**What this task involves**
Exactly the lines from the one containing "床の間のある伝統的な和室を意" through the one containing "100802 Chitra Special" in the listing below are to be copied, with the pictures left out.
━━ Material for this task
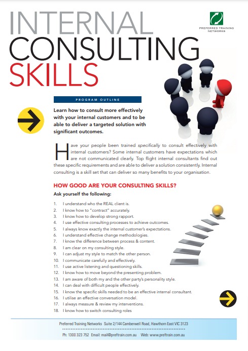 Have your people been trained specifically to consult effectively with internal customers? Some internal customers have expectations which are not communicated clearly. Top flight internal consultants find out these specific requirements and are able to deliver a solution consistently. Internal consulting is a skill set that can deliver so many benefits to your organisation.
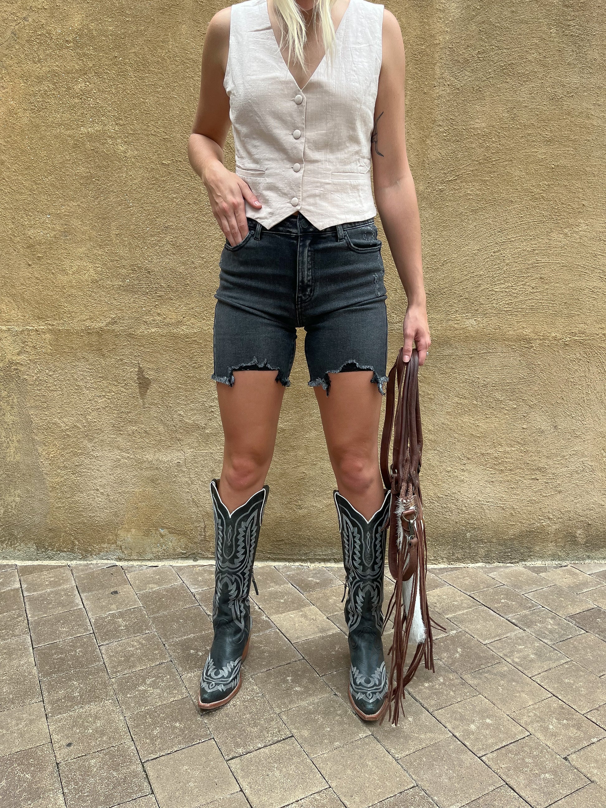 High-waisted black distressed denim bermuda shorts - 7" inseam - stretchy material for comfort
━━━━
━━ Material for this task
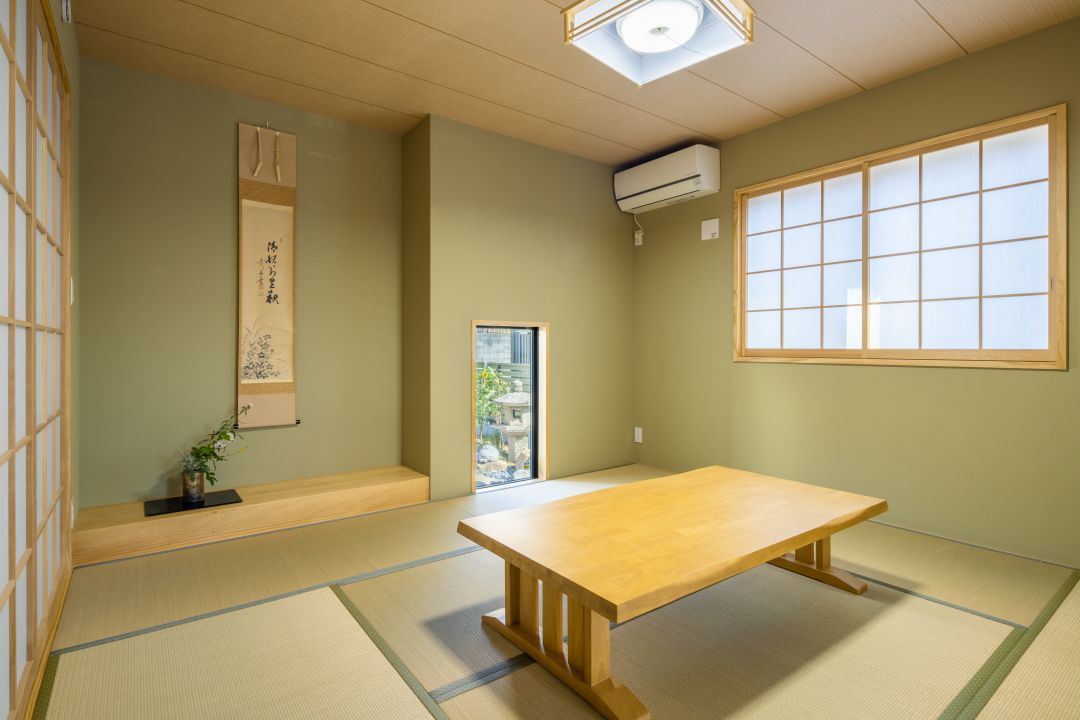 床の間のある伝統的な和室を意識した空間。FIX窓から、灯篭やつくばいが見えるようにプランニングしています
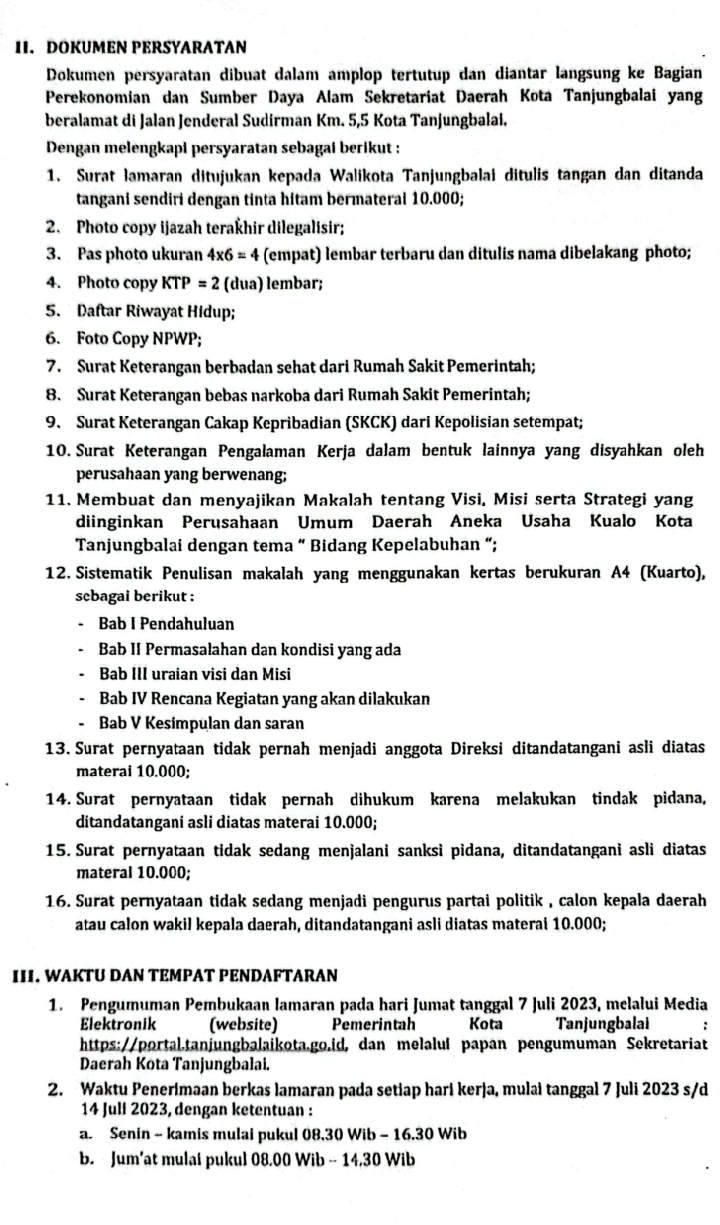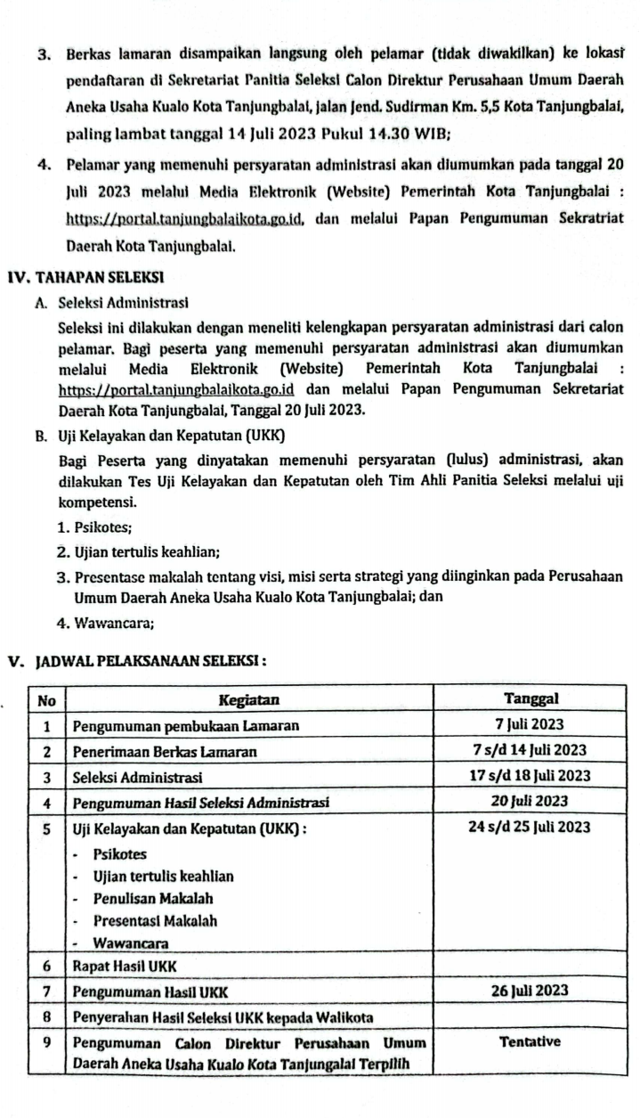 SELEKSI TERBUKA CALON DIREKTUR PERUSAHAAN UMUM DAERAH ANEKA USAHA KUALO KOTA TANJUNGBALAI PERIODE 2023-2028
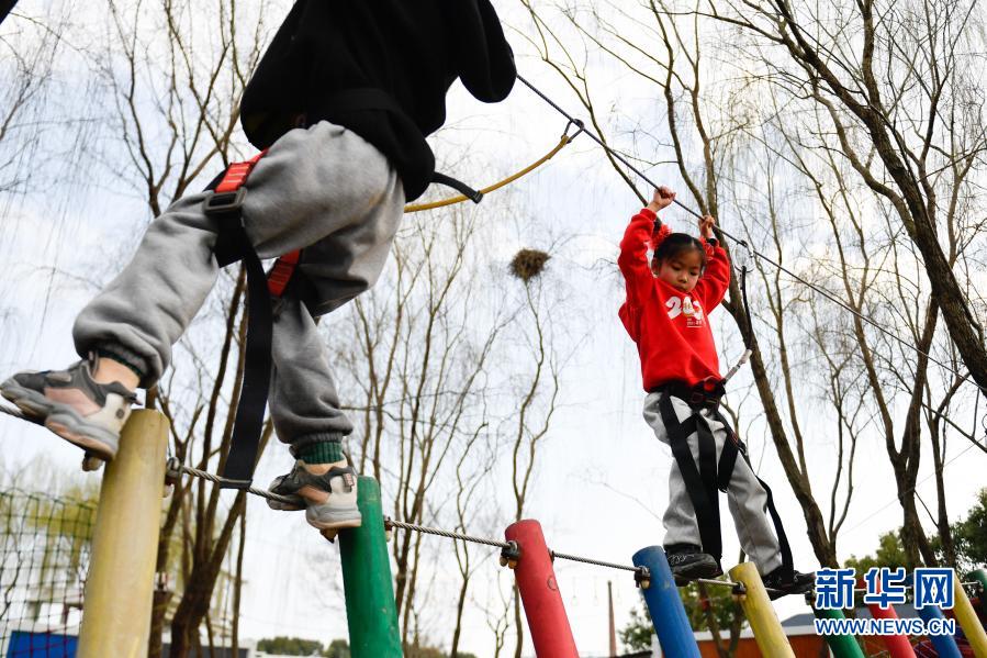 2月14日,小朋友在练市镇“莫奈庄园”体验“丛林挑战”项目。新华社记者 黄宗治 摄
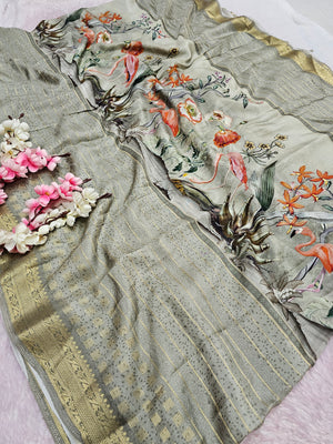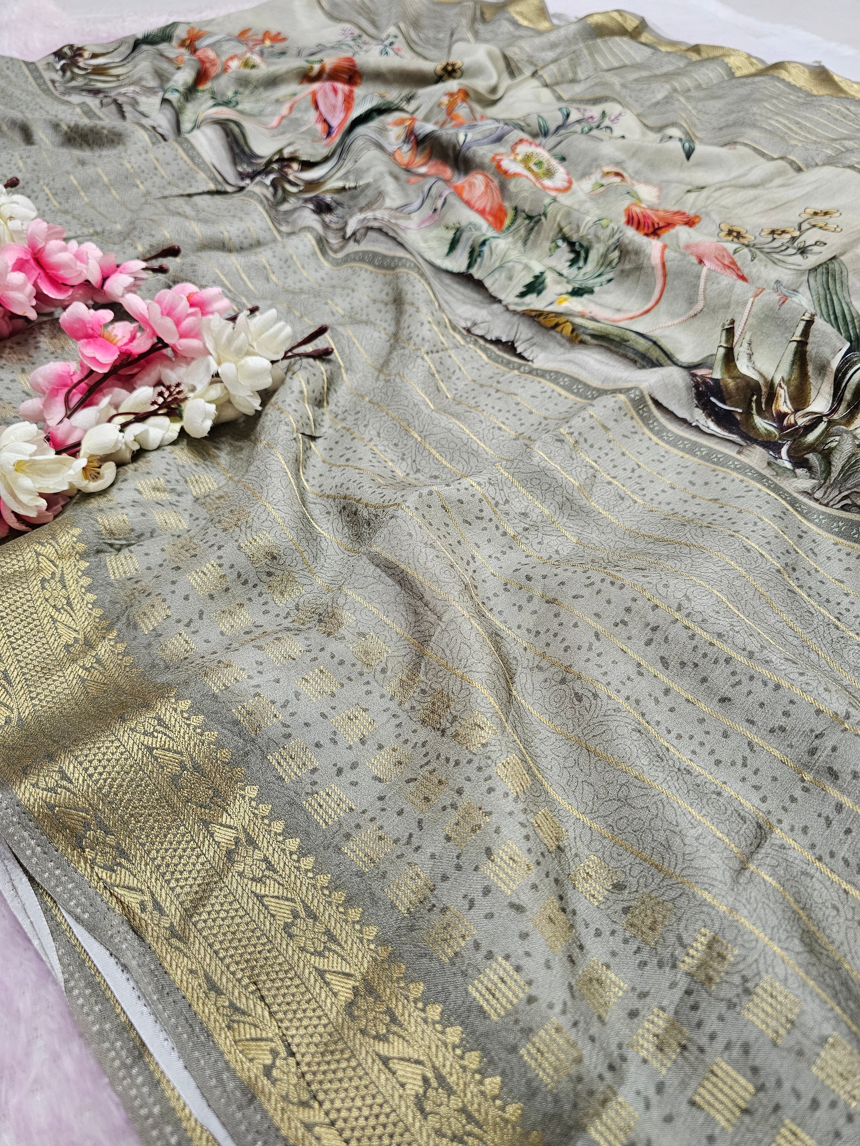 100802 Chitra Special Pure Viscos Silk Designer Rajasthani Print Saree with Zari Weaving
━━━━
**Answer to the exercise**
 床の間のある伝統的な和室を意識した空間。FIX窓から、灯篭やつくばいが見えるようにプランニングしています
 SELEKSI TERBUKA CALON DIREKTUR PERUSAHAAN UMUM DAERAH ANEKA USAHA KUALO KOTA TANJUNGBALAI PERIODE 2023-2028
 2月14日,小朋友在练市镇“莫奈庄园”体验“丛林挑战”项目。新华社记者 黄宗治 摄
 100802 Chitra Special Pure Viscos Silk Designer Rajasthani Print Saree with Zari Weaving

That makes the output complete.